• [WORK REQUIRED]:
Retype all of the data word for word, without pictures.

• [DATASET EXCERPT]:
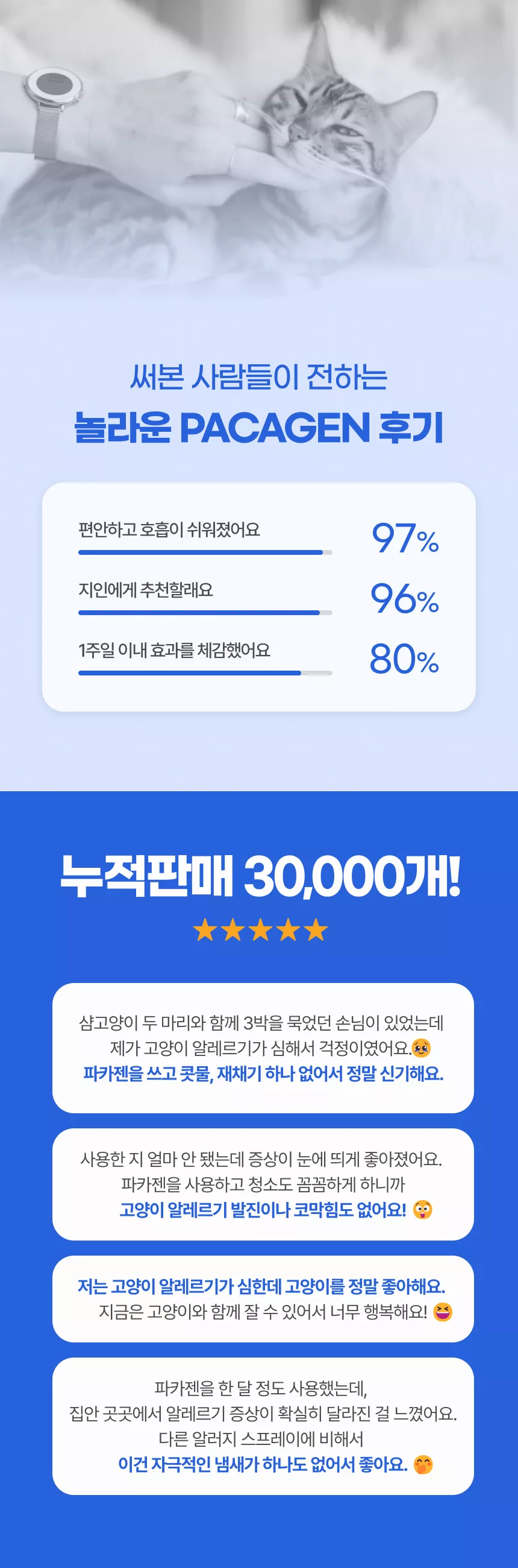 대단한 품목025. 09. 23스타터 팩(중화 분말 + 안정화 용액 + 스프레이 병) 선택안함남편이 알레르기가 심해서 고민하다가 고양이 스프레이를 샀어요. 가격은 비싼데 효과가 없다면 어쩌나 부담은 있었지만 며칠 쓰고 나니 아침마다 알레르기 반응 없이 상쾌하게 일어나더라고요! 진짜 큰 변화였어요. 앞으로도 계속 사용할 생각입니다 👍...
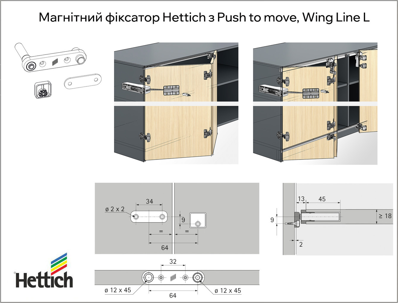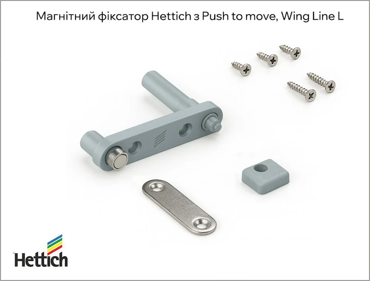 Магнітний фіксатор Hettich з Push to move, Wing Line L, сірий
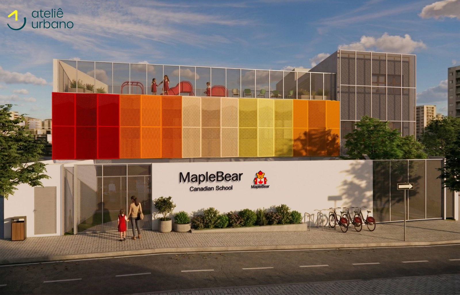 A fachada da escola é um dos destaques do projeto, com um brise colorido que segue a paleta de cores da Maple Bear, trazendo um toque lúdico e vibrante, sem perder o frescor e a identidade visual da instituição.

• [EXERCISE OUTPUT]:
 대단한 품목025. 09. 23스타터 팩(중화 분말 + 안정화 용액 + 스프레이 병) 선택안함남편이 알레르기가 심해서 고민하다가 고양이 스프레이를 샀어요. 가격은 비싼데 효과가 없다면 어쩌나 부담은 있었지만 며칠 쓰고 나니 아침마다 알레르기 반응 없이 상쾌하게 일어나더라고요! 진짜 큰 변화였어요. 앞으로도 계속 사용할 생각입니다 👍...
 Магнітний фіксатор Hettich з Push to move, Wing Line L, сірий
 A fachada da escola é um dos destaques do projeto, com um brise colorido que segue a paleta de cores da Maple Bear, trazendo um toque lúdico e vibrante, sem perder o frescor e a identidade visual da instituição.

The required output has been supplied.